Get support by those who get you.

Listen to the introduction to one of our herpes support groups:

Here's what's you'll hear in this recording:

  • Why this group is actually not about supporting H at all (what it's really about)
  • The mindset we all get to practice together that shifts us out of victim mode
  • The deeper meaning of "empowerment"
  • Our group agreements (what makes this group feel so safe & nourishing)
  • What we share & how we share (learn the difference between telling your story vs. sharing your experience and how that deepens your personal process)
  • How we give feedback/support (learn some simple phrases that support on a much deeper level)
  • How crying can actually be a key to "getting over it"

What's the best way to feel better quick?

Two words: Share yourself.

Sharing yourself in a safe and supportive group of people who really "get" what you're going through and can empathize helps you get that you're not alone (far from it), you're not broken (you don't need fixing!) and there's a whole community of awesome folks to lean on if you forget.

You might just be in the "terminal uniqueness" trap.

When we suffer from shame, we tend to feel like we're the only ones. (Sigh.) We feel like no one understands our unique plight. I've heard it referred to as "terminal uniqueness." As in, "I'm destined to be alone in these horrible feelings forever! And I am the only one. Ahhh!"
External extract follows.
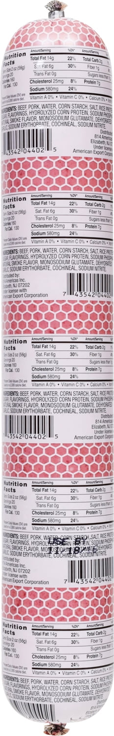 Beef, Pork, Water, Corn Starch, Salt, Rice Protein, Sugar, Flavorings, Hydrolyzed Corn Protein, Sodium Phosphate, Natural Smoked Flavor, Monosodium Glutamate, Dehydrated Garlic, Sodium Erythorbate, Cochineal, Sodium Nitrite.

Well, I was stuck in that trap for a long time. I was embarrassed. I didn't want people to see me feeling down. I thought if people really knew what was going on, it would just further prove how irreparably broken I was. So I kept hiding and hoping it would pass all by itself if I ignored it for long enough …

Have you ever felt this way?

Unfortunately, this stuff doesn't just go away on its own. It tends to fester until we're about to explode and we just can't numb out or ignore it any longer …

(Inappropriate analogy alert: It's like really bad gas. It's so painful as it builds up ... and the more it builds, the more energy it takes to hold back. And when you finally get it out, it might stink, but it's such a relief.)

And when shame enters the picture, we somehow feel like we need to go through the rough stuff alone. But little do we know, there are many others who are also going through it alone, too. So imagine all of the people who feel so alone joining forces to support one another in togetherness. Connection as the antidote to loneliness.

If shame is so common, why don’t we just talk about it openly?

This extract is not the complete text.